DOI: 10.3923/je.2014.34.41

Received: June 24, 2013; Accepted: November 18, 2013; Published: March 08, 2014


Milicia excelsa (Welw) C. C. Berg commonly known as Iroko is an important timber trees species in Africa. It belongs to the family Moraceae and distributed across the entire breadth of Africa (Keay, 1989). M. excelsa wood is the most valuable timber species from all of West, Central and East Africa. The wood is extensively used due to its high durability and good working properties. There is high demand of M. excelsa timber and other products from Milicia wood such as sliced veneer, rotary veneer and profile boards for decorative and structural uses. Cultivation of Milicia species is being constrained widely across West Africa by Iroko gall bug, Phytolyma lata (Cobbinah and Wagner, 1992; Cobbinah and Appiah-Kwarteng, 1996). The psyllid (iroko gall bug) attack the buds and young leaves of Milicia excelsa plants especially the seedling which later leads to formation of galls on the site of attack. The galls afterward burst to release adults when they psyllid completes their life cycle inside the gall. The bug lays eggs on young stems, leaves and shoots of the host tree in high numbers (Nichols et al., 1998).
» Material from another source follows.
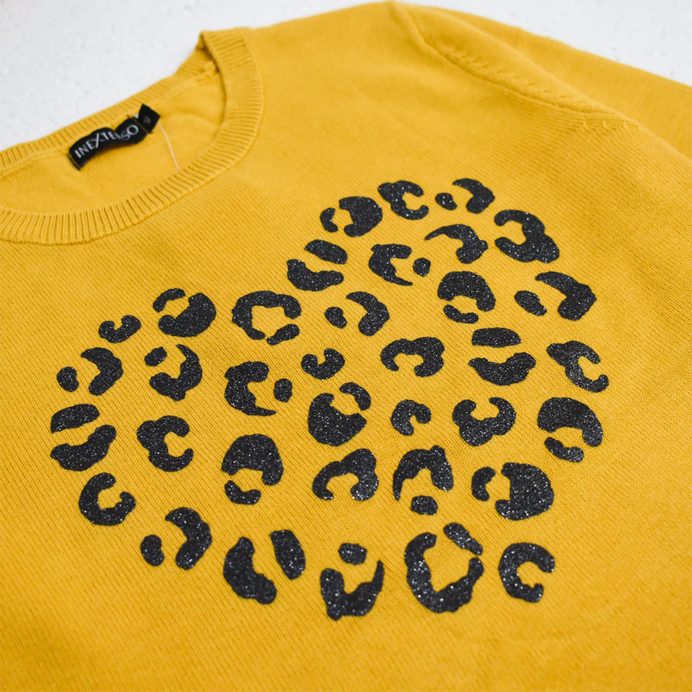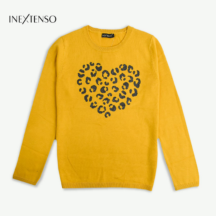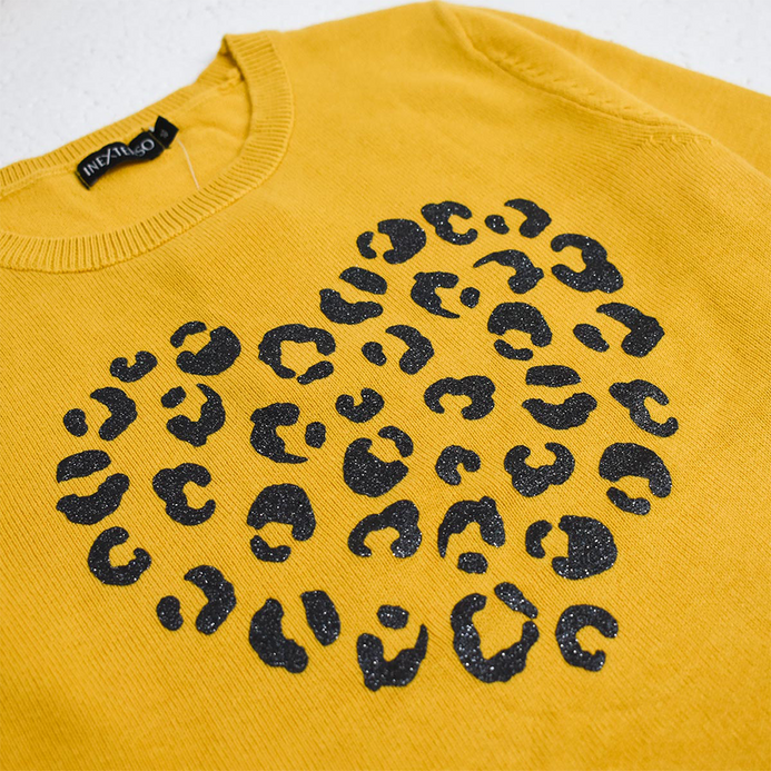 In Extenso Glitter Leopard Heart Yellow Swearter 10420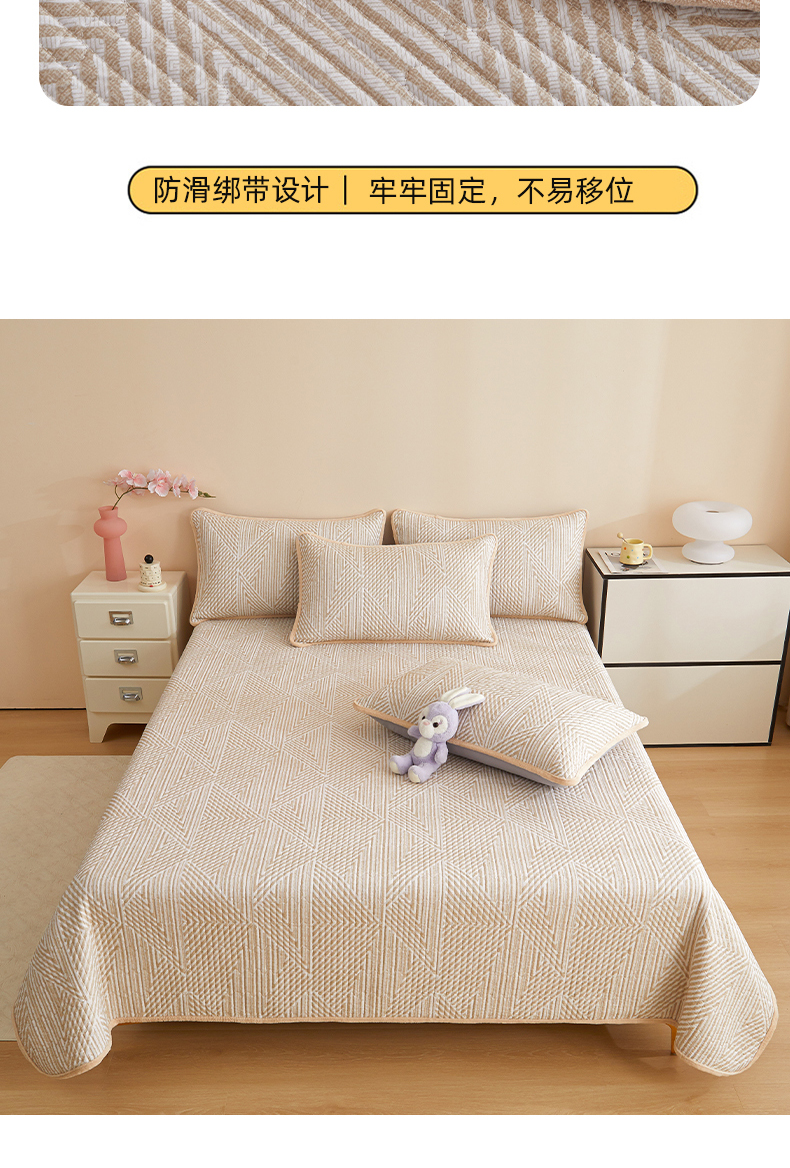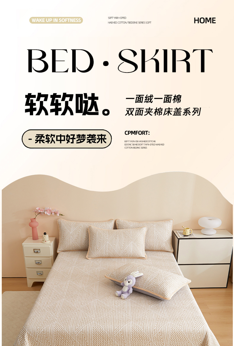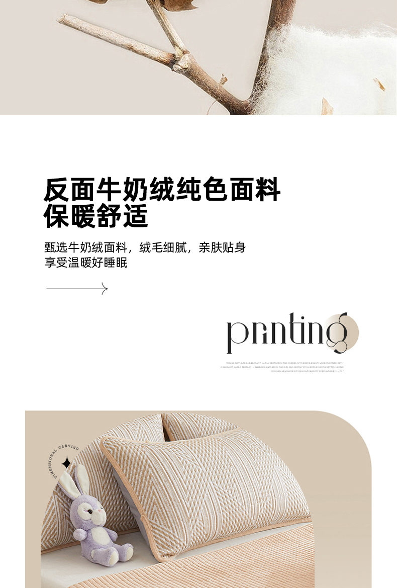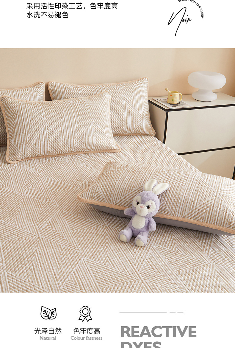 • 91家纺网 家纺一手货源 找家纺 金艾草 2025新款A版全棉印花B版加厚牛奶绒单件棉加绒床盖三件套榻榻米垫 卢卡斯

When the first instar nymphs hatches, it punctures plant surfaces and induces gall formation which later develops to enclose the nymph inside the gall.

Generally, gall formation is followed by saprophytic fungi attack on the apical region of the infested plant after the gall has ruptured to release adult leading to foliage die-back down to the wood tissue (Cobbinah and Wagner, 1995). However, the attacks decrease with age, as the old trees tend to be more resistant. Phytolyma attack stunts its growth and affects stem shape and size and also reduces the regeneration rate of the species.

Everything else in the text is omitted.